So Blaise Cronin also makes short shift of weblogs and Wikipedia.
Who am I to argue with the respected British dean of an American library school?
I’ll leave it to others, possibly including Tame the web, from which I got the story, and which credits “Skagirlie.”
For now, at least.
Not that weblogs need my defense–or that Cronin’s completely wrong, once his remarks are shorn of [over]generalization.
Update: Since I don’t use emoticons and lots of readers skim over text pretty quickly, I suspect some people may misinterpret this post. Sure, Cronin’s right about some blogs (I don’t think there’s anything negative you could say about blogs and not be on the money for some of them)–but I take his overall comment just as seriously as I did Michael Gorman’s, except that I can’t be spurred to start a blog, since I’ve already done that.
I see the battle has begun here and there. Fun to watch, but I’ll let the MLS-holders comment on the SLIS dean’s silly article.
I really, truly can’t think of much to say. Except that I’m glad our SLIS director isn’t a raving ja — er, sorry.
Okay, I lied. I can think of something to say; it just takes a better rhetorician than I to say it correctly and back it up. There’s a valuing of certain sorts of text over certain other sorts of text here that tends to upset me. “Domestic” writing, “everyday” writing, casual or non-professional writing is consistently what’s getting slagged. I don’t even see much allowance for the relative competence of the writing. If it’s domestic, it’s bad.

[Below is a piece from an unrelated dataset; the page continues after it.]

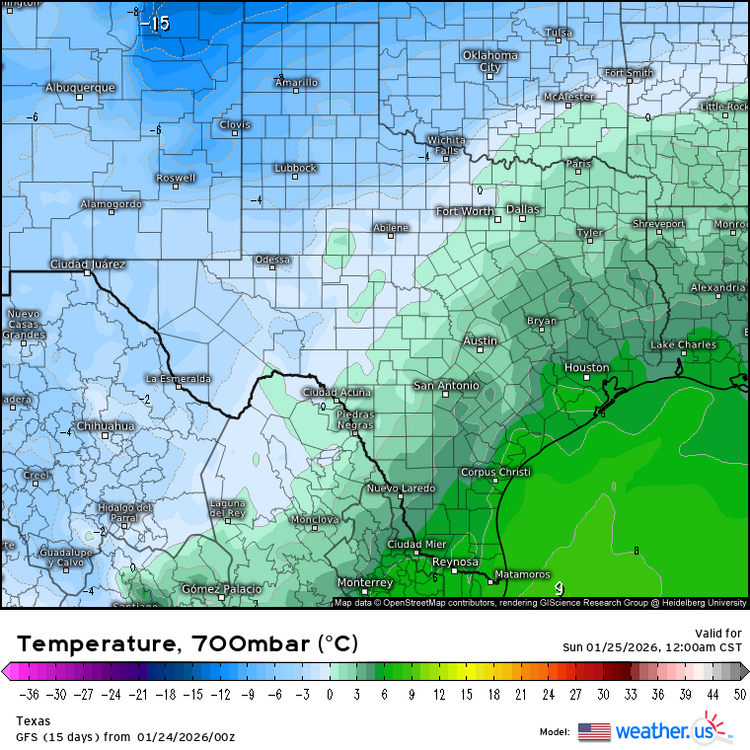 In Buda, Texas, Northerly breezes up to 37 mph have dropped temperatures 30 degrees down from our earlier highs in the mid 60s. At this rate we will be subfreezing by 7am. Rain will be freezing on every surface down here. It will then proceed to drop all day Saturday, into the teens Saturday night with persistent ZR. This storm may end as snow here Sunday. Next weekend another storm and trough will bring yet another round of rain, ZR, sleet and even snow to Austin Texas. Is this Texas or Northern Virginia? -

I can’t find it in my heart to think it coincidence that much of the slagged writing is coded as women’s writing, even when men do it too. (The counterpoint to this argument, I admit, is that the other common coding is as young people’s writing.)
What are the Gormans and Cronins afraid of? That somebody might actually listen to a GIRL, instead of Their High Mightinesses? Heaven forfend.

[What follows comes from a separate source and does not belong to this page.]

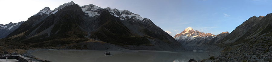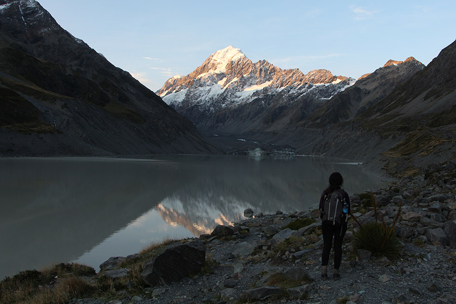 Nous nous rejoignons ensuite au van pour manger. Nous passons l'après-midi à nous reposer et nous avons la visite de Yolaine & Jules qui ont également passé la nuit sur le camp et on fait le mont Olivier ce matin aussi ! C'est un réel plaisir de les revoir, et une bonne occasion de prendre l'apéro ensemble :) Ils repartent ensuite pour Wanaka et nous préparons les sacs car nous souhaitons camper sur la Hooker Valley Track. Il s'agit de la randonnée la plus populaire de la région et dans la journée c'est vraiment DisneyLand avec les cars de touristes qui arrivent en masse...donc nous espérons qu'au crépuscule, elle sera moins fréquentée ! Et nous n'avions pas tord, il ne reste pas grand monde sur la track et la plupart prennent le chemin du retour. Le chemin est tout plat et mène au plus près du mont Cook et il faut bien se l'avouer c'est splendide, les lumières du crépuscule ajoute un charme particulier magnifique !

Maybe it’s no coincidence that our SLIS director isn’t a raving you-know-what. She is, after all, a she.
Cronin is Coulter’s more lady-like twin and from her has learned that bluster and barbs get attention when one has nothing else to say. The former has laid out his misogyny quite clearly in Library Journal: “The Dean’s List- Amazons R Us,”by Blaise Cronin.Oct 15, 2001.
Respected? Not by the public librarians in his own state. He is considered to have pretty much destroyed library education at IU in favor of “informatics”. We all cheered when he resigned. We still can’t figure out why they hired him back.
Hm. One wonders if this was a clumsy bid for Michael Gorman’s favor, in that case?